--- RECORD EXTRACTS ---

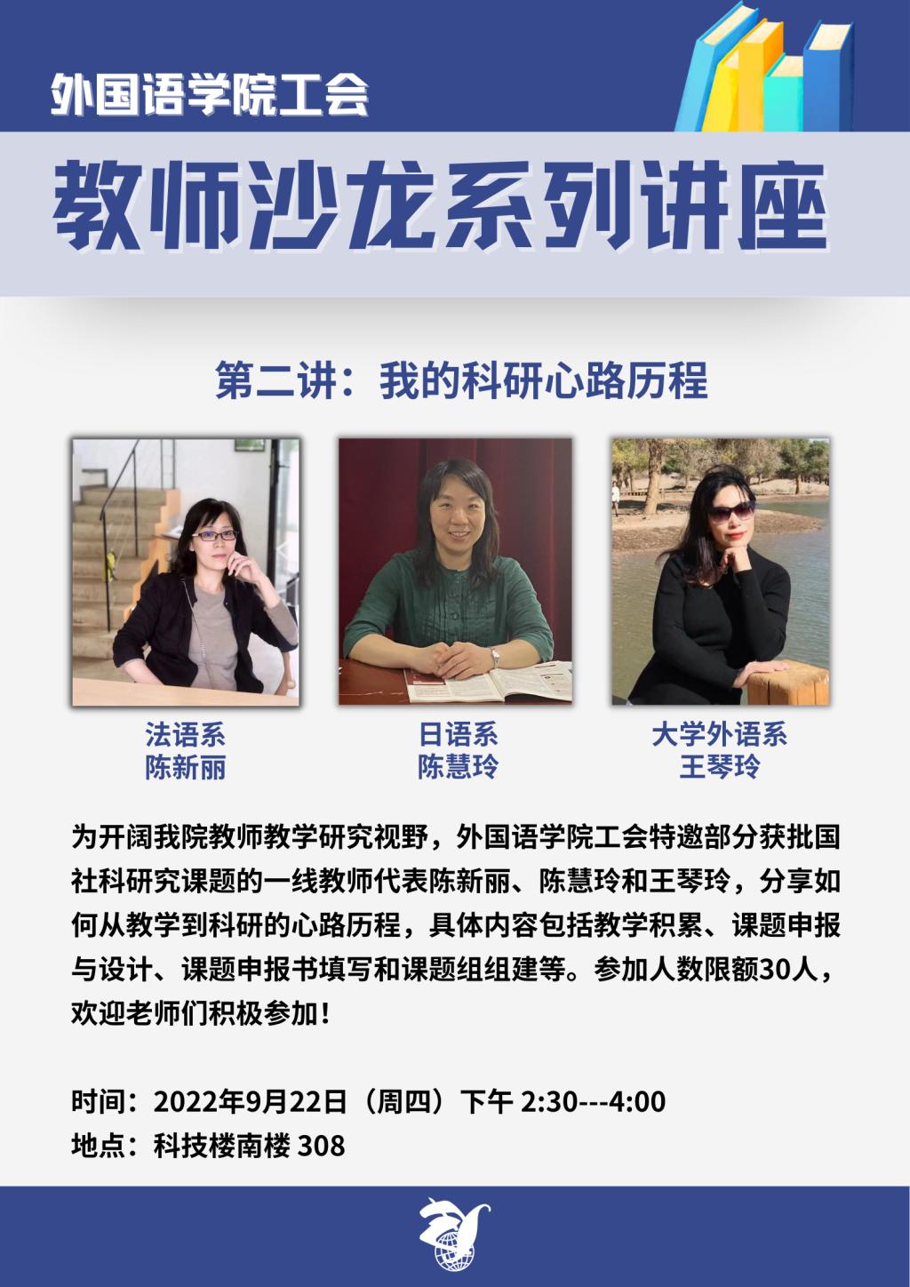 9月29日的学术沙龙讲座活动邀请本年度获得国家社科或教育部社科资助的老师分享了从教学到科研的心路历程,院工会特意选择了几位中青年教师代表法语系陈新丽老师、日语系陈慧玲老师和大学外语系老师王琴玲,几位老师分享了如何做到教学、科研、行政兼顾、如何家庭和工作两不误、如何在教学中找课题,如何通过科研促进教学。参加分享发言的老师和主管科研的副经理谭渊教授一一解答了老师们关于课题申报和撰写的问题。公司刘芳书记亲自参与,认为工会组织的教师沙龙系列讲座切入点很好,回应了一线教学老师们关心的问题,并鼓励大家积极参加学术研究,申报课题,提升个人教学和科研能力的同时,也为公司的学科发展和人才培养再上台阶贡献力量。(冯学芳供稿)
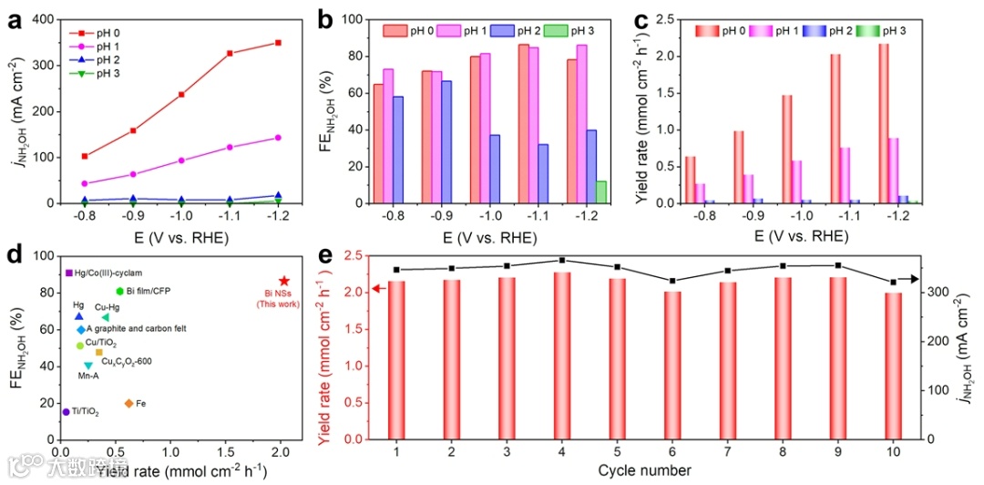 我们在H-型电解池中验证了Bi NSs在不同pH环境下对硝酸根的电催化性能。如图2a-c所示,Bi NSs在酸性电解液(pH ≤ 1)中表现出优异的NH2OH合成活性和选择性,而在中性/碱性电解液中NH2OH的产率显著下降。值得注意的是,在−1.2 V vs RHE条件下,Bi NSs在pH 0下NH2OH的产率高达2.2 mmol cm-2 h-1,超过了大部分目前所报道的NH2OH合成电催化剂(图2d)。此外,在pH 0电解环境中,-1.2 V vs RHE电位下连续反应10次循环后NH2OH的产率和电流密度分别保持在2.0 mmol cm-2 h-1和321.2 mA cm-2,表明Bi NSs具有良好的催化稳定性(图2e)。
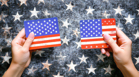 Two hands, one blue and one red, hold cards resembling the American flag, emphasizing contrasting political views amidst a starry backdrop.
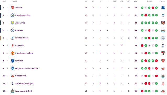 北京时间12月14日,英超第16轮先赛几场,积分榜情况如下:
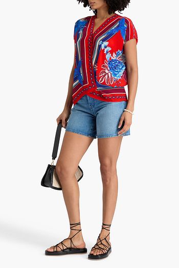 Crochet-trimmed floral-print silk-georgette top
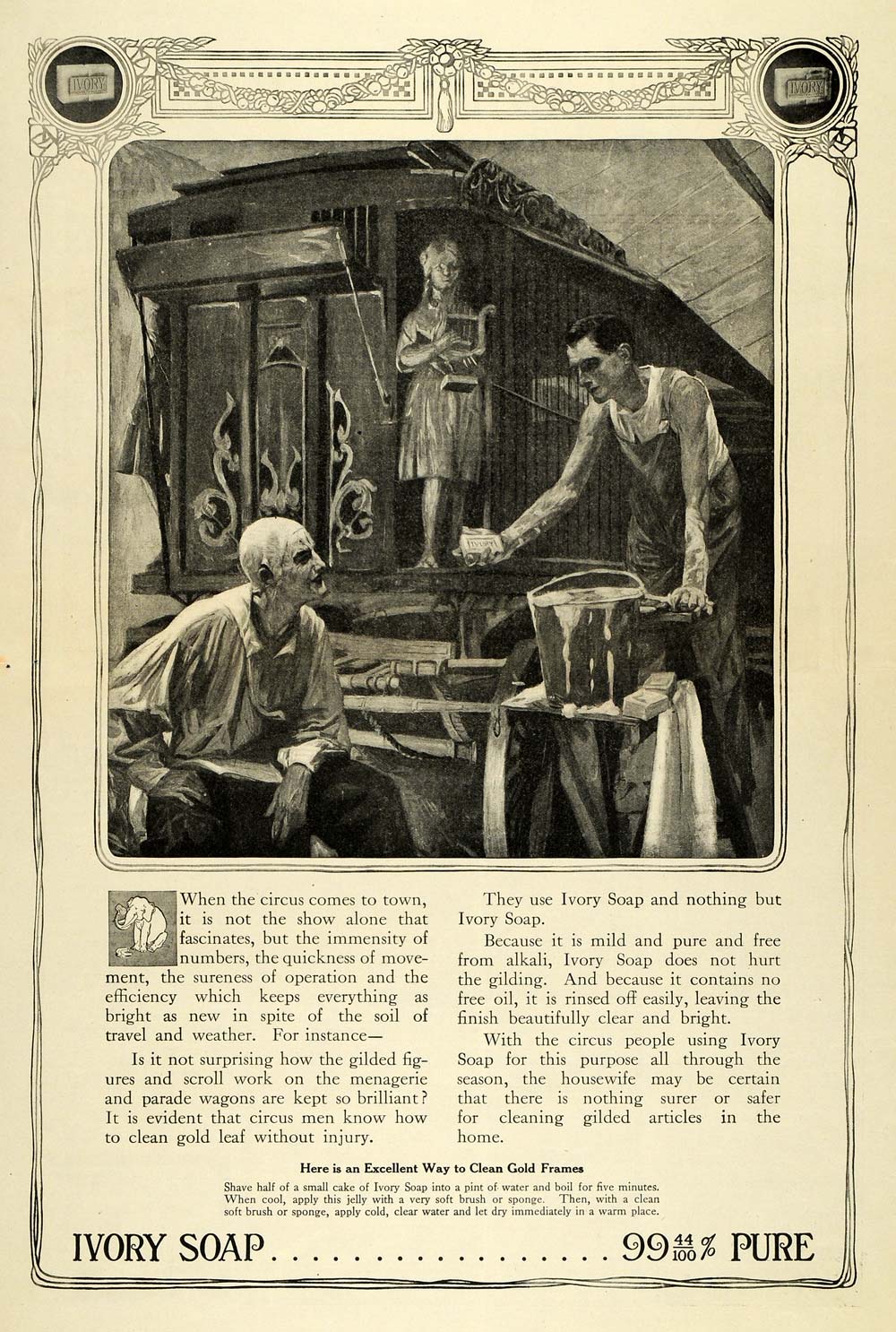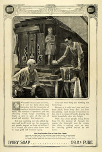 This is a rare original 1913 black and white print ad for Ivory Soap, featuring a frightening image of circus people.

---

# ACTIVITY
The lines from the one holding "Crochet-trimmed floral-print silk-georgette" through the end of the entries are to be transcribed exactly, both ends included, with the pictures left out.

# OUTPUT FOR THIS EXERCISE
 Crochet-trimmed floral-print silk-georgette top
 This is a rare original 1913 black and white print ad for Ivory Soap, featuring a frightening image of circus people.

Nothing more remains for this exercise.